A few years ago Reynolds was approached by some of his fellow Creeks and asked to run for the office of Chief of the Creek Nation. The Creeks, like many other contemporary American Indian groups, are divided into two major political factions, “traditionalists” and “progressives.” Reynolds lost the election, because, he was told, many of the old people thought he “lived too much like a white man.” His reply was that, “We live in a white man’s world, and I can deal with it a lot better than they can.”

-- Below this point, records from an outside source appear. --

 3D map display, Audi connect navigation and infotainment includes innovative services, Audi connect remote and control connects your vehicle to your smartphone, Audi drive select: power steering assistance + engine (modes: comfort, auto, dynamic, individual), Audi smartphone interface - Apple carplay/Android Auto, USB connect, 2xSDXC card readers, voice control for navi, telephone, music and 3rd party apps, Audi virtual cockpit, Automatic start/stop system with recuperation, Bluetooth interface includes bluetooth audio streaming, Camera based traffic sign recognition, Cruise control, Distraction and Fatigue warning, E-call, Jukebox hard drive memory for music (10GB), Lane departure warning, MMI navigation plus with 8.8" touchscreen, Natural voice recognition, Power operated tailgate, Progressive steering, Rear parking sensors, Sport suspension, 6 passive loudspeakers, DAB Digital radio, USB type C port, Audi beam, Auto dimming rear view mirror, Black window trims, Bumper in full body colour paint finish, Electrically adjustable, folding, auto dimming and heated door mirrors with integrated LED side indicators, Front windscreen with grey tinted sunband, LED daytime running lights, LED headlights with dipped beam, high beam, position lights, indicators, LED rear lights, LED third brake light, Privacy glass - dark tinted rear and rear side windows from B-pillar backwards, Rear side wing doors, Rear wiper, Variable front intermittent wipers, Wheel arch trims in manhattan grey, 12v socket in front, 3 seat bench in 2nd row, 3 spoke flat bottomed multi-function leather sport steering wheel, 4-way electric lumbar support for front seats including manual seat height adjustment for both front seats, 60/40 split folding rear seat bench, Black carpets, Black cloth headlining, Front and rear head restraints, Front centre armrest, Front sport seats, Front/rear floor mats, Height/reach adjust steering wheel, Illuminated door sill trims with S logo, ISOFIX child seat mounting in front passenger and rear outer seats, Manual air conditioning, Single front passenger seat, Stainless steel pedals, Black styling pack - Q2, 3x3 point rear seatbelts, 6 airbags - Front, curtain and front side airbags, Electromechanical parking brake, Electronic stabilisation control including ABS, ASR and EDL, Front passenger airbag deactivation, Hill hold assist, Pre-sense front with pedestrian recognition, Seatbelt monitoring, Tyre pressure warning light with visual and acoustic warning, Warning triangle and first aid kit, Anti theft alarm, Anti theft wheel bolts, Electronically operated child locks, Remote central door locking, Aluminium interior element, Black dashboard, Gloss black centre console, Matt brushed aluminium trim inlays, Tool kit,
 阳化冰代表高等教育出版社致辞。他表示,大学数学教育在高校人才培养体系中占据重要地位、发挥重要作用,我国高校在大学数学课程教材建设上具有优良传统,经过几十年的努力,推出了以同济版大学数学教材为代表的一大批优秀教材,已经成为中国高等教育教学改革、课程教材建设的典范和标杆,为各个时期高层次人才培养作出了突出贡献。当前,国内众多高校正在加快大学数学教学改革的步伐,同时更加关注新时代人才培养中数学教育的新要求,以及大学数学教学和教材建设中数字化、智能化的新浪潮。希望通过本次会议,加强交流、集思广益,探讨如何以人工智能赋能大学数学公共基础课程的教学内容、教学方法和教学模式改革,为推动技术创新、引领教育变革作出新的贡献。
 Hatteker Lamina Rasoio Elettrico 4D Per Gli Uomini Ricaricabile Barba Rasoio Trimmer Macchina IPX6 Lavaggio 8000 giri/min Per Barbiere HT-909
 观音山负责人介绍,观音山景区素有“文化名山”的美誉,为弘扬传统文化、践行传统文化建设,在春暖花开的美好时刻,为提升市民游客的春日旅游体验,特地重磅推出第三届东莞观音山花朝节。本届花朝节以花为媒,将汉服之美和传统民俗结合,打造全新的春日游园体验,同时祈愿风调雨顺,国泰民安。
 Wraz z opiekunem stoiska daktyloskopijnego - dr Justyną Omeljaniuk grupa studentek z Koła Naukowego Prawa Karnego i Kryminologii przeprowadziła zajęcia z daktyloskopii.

It is interesting to contrast the careers, both in and out of baseball, of Louis Sockalexis and Allie Reynolds. Both were blessed with superb God-given athletic ability, and both were thereby enabled to secure far better educations than most young Indians of their respective times. Each then got off to an impressive start in major league baseball. Reynolds clearly could cope with this success, and was able subsequently to capitalize on his baseball renown to achieve prominence in the business world. Sockalexis had only one brilliant season, and then faded rapidly into obscurity; he died in 1913 at the young age of 42. Perhaps the social climate in the early 1940s, when Reynolds reached the majors, was somewhat more tolerant of minorities than it was in the 1890s, when Sockalexis made his debut. Sadly, however, one suspects that Reynolds probably represents an exception, and Sockalexis the rule. Baseball, like other professional sports, offers an avenue of social mobility to skilled athletes who, because they are members of ethnic and racial minorities, or just because they grow up in economically disadvantaged circumstances, might otherwise be doomed to lifetimes of poverty. A few, like Reynolds, are able to handle this sudden adulation emotionally and psychologically, and can take full advantage of the opportunities thus opened to them; too many more, as attested by recent revelations concerning alcoholism and drug abuse in professional sports, cannot – and become victims of the system and of their own success.

Baseball has given much to Allie Reynolds, and to Chief Meyers and Chief Bender and a handful of other Indian players, but they, and Louis Sockalexis, and Jim Thorpe, and Rudy York, and Cal McLish, and dozens of others, have given much more to baseball. It is a shame that their contribution has never been adequately acknowledged.